= Vik Adhopia =

Canadian journalist

Vik Adhopia is a senior health reporter who reports from Toronto, Canada for CBC News.

== Career ==
He attended Port Credit Secondary School in Mississauga, Ontario. After graduating from the University of Toronto with an Honours Bachelor of Arts in political science and from Ryerson Polytechnical Institute with a Bachelor of Applied Arts in journalism, Adhopia joined the CBC in 1995 where he reported from Toronto, Ontario. In 1997, he moved on to Iqaluit while continuing to work for the CBC. He worked as a reporter in Vancouver and, in 2006, Adhopia began working in St. John's as a CBC National Reporter.

A report from Prince George, British Columbia about the doctor shortage won him a Jack Webster Award in 2001. In addition, he was awarded Radio and Television News Directors Association Awards in 2004 for his reports on flooding in British Columbia and in 2008 for his coverage of the Newfoundland Breast Cancer Scandal.

Adhopia has worked for the CBC bureau in Washington, DC and covered the War in Afghanistan in 2010.

== Awards and recognition ==
In 2015, Adhopia joined the Health Unit at CBC News in Toronto where he reports on health-related news stories.

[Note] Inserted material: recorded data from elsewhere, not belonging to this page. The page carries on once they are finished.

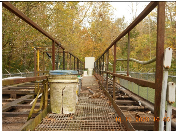
See no repairs to walkway
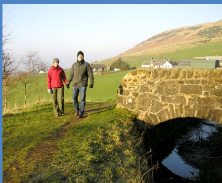
THE CUT, GREENOCK
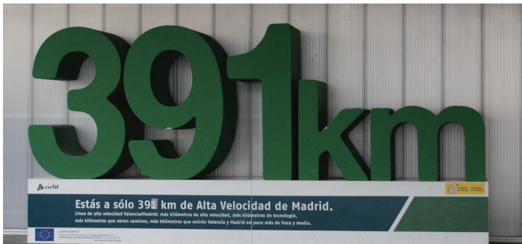
Picture 1- Piece of advertising concerning the AVE Madrid-Valencia, in Joaquín Sorolla station.

The AVE has got a very strong symbolical importance for Valencia. It is the sign that the city joined the very select club of high-speed connected Spanish metropolises, which could be source of economic and demographic attractiveness. That's why the AVE is ubiquitous in the city and its projects. Around the two current railway stations (the Estació del Nord for conventional Iberian Gauge trains, and Joaquín Sorolla station for European gauge AVE), a lot of advertising is present to point out the supposed structuring effects of high-speed for the city.
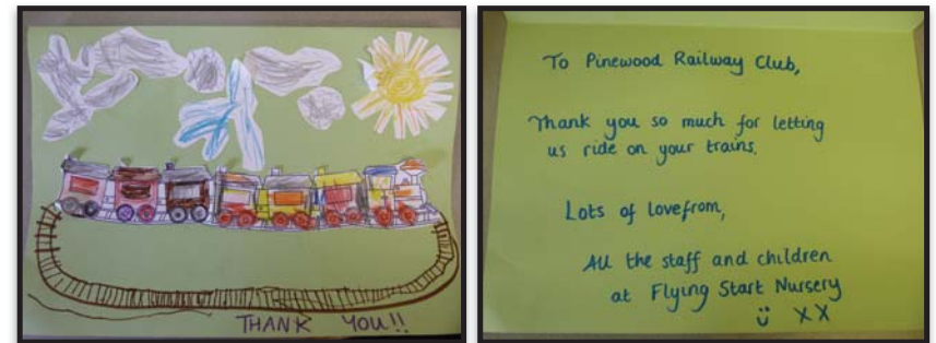
Our 'Thank You' card from the children of Flying Start Nursery

The problem of access to, and parking at, our site and other outstanding issues with the bollards have been resolved satisfactorily.
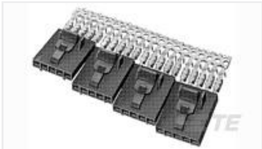
TE Part #5-103958-1 10X2 MTE RPT SR LATCH .100CL
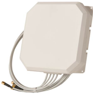
Patent Pending PSQ24495
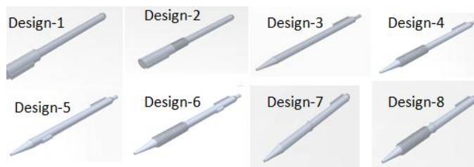
Figure 3. Pen Design Development

The collecting of Kansei Words based on survey in Phase-1 (Comfortable, Slippery, Convenience, Attractive, Stylish, and Beautiful) and Phase-2 (Miserable, Slippery, Irritating, Boring, Simple and Ugly) are pairing towards the SD scale in weighted of seven. While the preference of design is constructed into the Likert type with seven scales as shown in Figure 4.
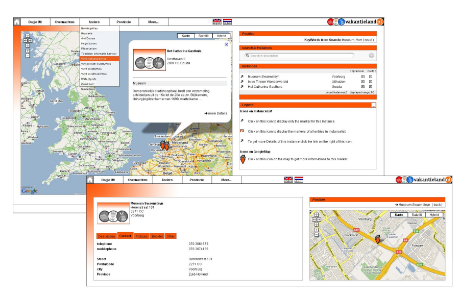
Figure 3: GUI of the new vakantieland.nl portal

The structure of the application, which is implemented in the script language PHP<sup>7</sup> follows a well known architectural pattern called MVC<sup>8</sup> [Bu98]. The model component abstracts the accesses by the controller on the Powl-API, which in this case also manages the extraction of data from the TripletStore to make the data suitable for the requirements. The RAP<sup>9</sup>-API [OB04] which is used by the Powl-Api allows to query the model with SPARQL [Be06]. SPARQL was used to identify and find resources with specified characteristics in an efficient manner. After the identification of the resource URI, an object with all the existing information is created with the Powl-API. Such generated objects will be requested by the appropriate controller and assigned to the view component. The view component produce the output with the help of templates.
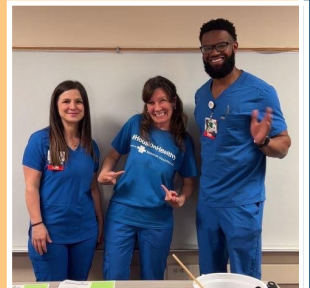
Houston Healthcare Cooking Class Instructors
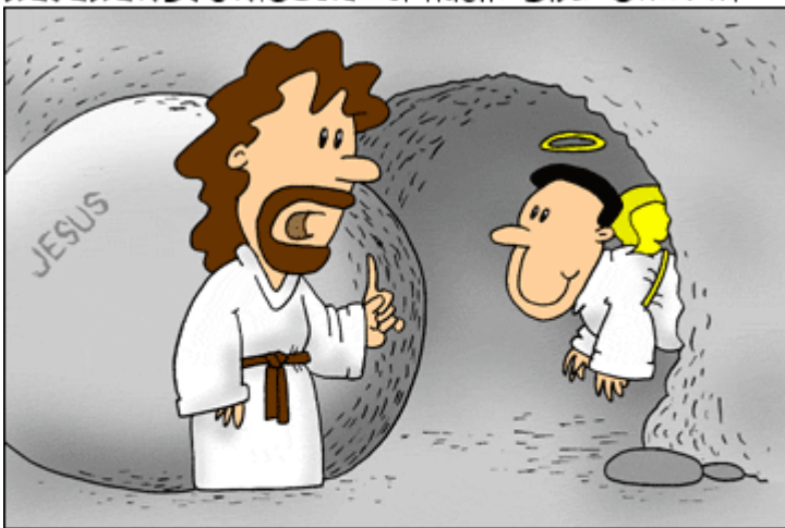
(See John 20:1-18)

In 2009, Adhopia was presented the Canadian Association of Journalists award for faith and spirituality along with fellow CBC journalists including Curt Petrovich and Frank Koller for their work on CBC Radio's Where is God Today?. In 2018, he was part of a months-long CBC News investigative series on the medical implant industry which found that devices pulled from the market internationally due to safety concerns continued to be implanted in Canadians, sometimes with unwanted consequences. The series, The Implant Files, produced in partnership with Radio-Canada and the Toronto Star, under the auspices of the International Consortium of Investigative Journalists, earned a Michener Award nomination in 2019.